BMAL1の分泌が増える時間を考えても、21時までには食事をすませるようにしてみてください。

POINT2、すぐに運動しないで「ゆっくり」する

ダイエットのために運動するのであれば、低血糖状態である食前と、食べ物が胃の中にある食後すぐは避けましょう。食後は消化のために胃に血液を集中するべき時で、その時に運動すると消化が悪くなり、横腹に痛みを生じることも。また食べてすぐは血糖値がまだ上がっていないため、食前同様にめまいなどが起きることもあるため危険です。

ベストタイミングは、消化が進んでおり血糖値も安定してくる、食後1時間ほどたったころ。脂肪を消費する運動なら有酸素運動ですが、無理のないペースでできるウォーキングがオススメです。

POINT3、夕食が遅くなったときは消化のよいものを取る

就寝3時間前に食べ終えるのが理想…とはいえ、仕事の都合などでどうしても遅い時間に夕食をとらざるを得ないこともあるでしょう。空腹のままでは目が冴えて眠れない…そういうときは、胃腸に負担のかからない消化のいいものを食べるようにしてみて。

疲れているとしっかり食べたい時もあるかもしれませんが、おかゆやうどん、スープなど、低カロリー低脂肪のお腹に優しい食事を軽めに摂りましょう。噛む回数を増やすことも消化を助けます。
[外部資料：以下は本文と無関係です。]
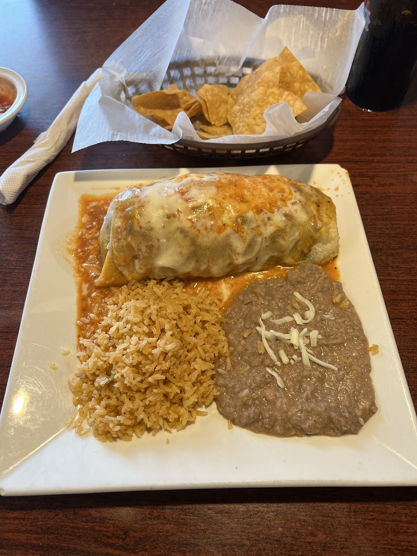 Wasnāt very enthused with the salsa. It had a ācleanerā taste to it. Yuck. Really didnāt have much taste. I tasted more of a soapy taste. Tomato based with very little additives. Chips was awesome tho!!!!! Drink has been good yet the bathroom wasnāt so clean. Piss all over the floor and seat. Kinda dirty if you ask me. As far as the burrito, I shouldāve got a fajita. The burrito was so packed and the tortilla was so soggy, hell I couldnāt even tell it use to be a burrito. Soooo in all reality, Iām eating a plate full of mess. Very poorly prepared. It looked ok when it come out but in order to wait it, itās terrible. Blah. I started to just go to Arbyās for a few roast beef sammiches. I really wish I had now. 1/2 way into my meal and it just aināt no good. Yet itās gonna cost me $20. Just pitiful.
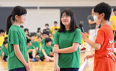 スポーツフェスティバルを開催しました。縦割りの3チームで、競技の得点を競い合い、優勝を目指しました。また、進行やナレーション、救護係、用具係など、それぞれの係チームで準備、計画してきたことを出し切る一日でした。
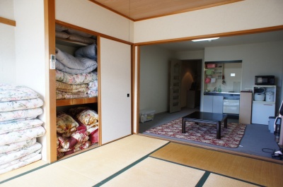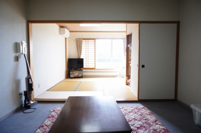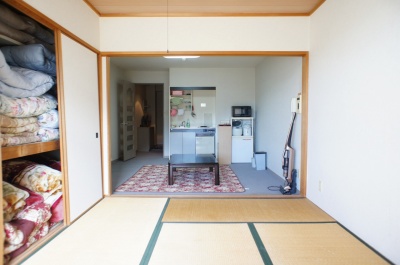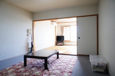 7帖の和室。 押入れ収納があるお部屋です。 先ほどのダイニングキッチンと繋がっています。 約1帖分の板間があり、実際には8帖くらいの空間となります。 |
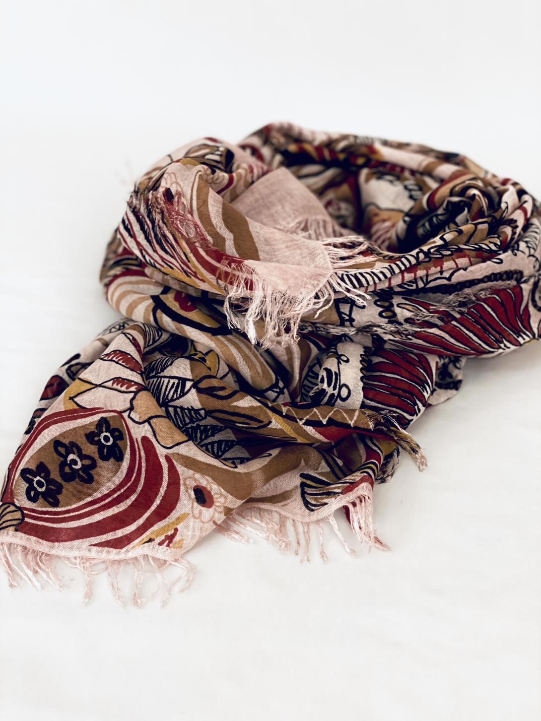 Палантин Kikka Mia в розово-бордовой цветовой гамме станет отличным дополнением к вашему гардеробу.
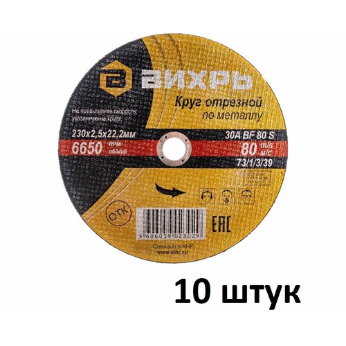 Круг отрезной (10шт) по металлу (230х22х2.5 мм) Вихрь
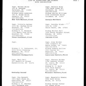 List of supervisors and bishops with jurisdiction, Church of God in Christ, Department of Women, [s.d.]. Two different lists. [Description English/roman)]

そしてできれば少なくとも食後30分程度は起きているように心がけてみてください。

結論!食べて15分後に10分ほど横になるのがベスト

「食後に寝る」と言っても、昼食時か夕食時か、どれくらいの時間寝るのか、そして「横になる」のか「眠る」のか。それぞれ体に現れる影響には大きな違いがあります。健康と美容のためには「昼食をとった15分後に10〜20分横になるか、仮眠をとる」のがベスト。反対に長時間眠る、夕食後すぐに寝るのはさまざまな観点からNGです。

ランチの後に眠くなるのは、体の中で起こっている各器官の働きを考えればある程度は当然のことです。無理をして眠いまま仕事を続けるよりも仮眠をとったほうが、頭もスッキリしてノルアドレナリンが出ることで効率もアップ。消化が促進されダイエットにも役立ちます。

もう昼寝に罪悪感を持つ必要はありません。上手に体を休めて、やせやすい体づくりを目指しましょう!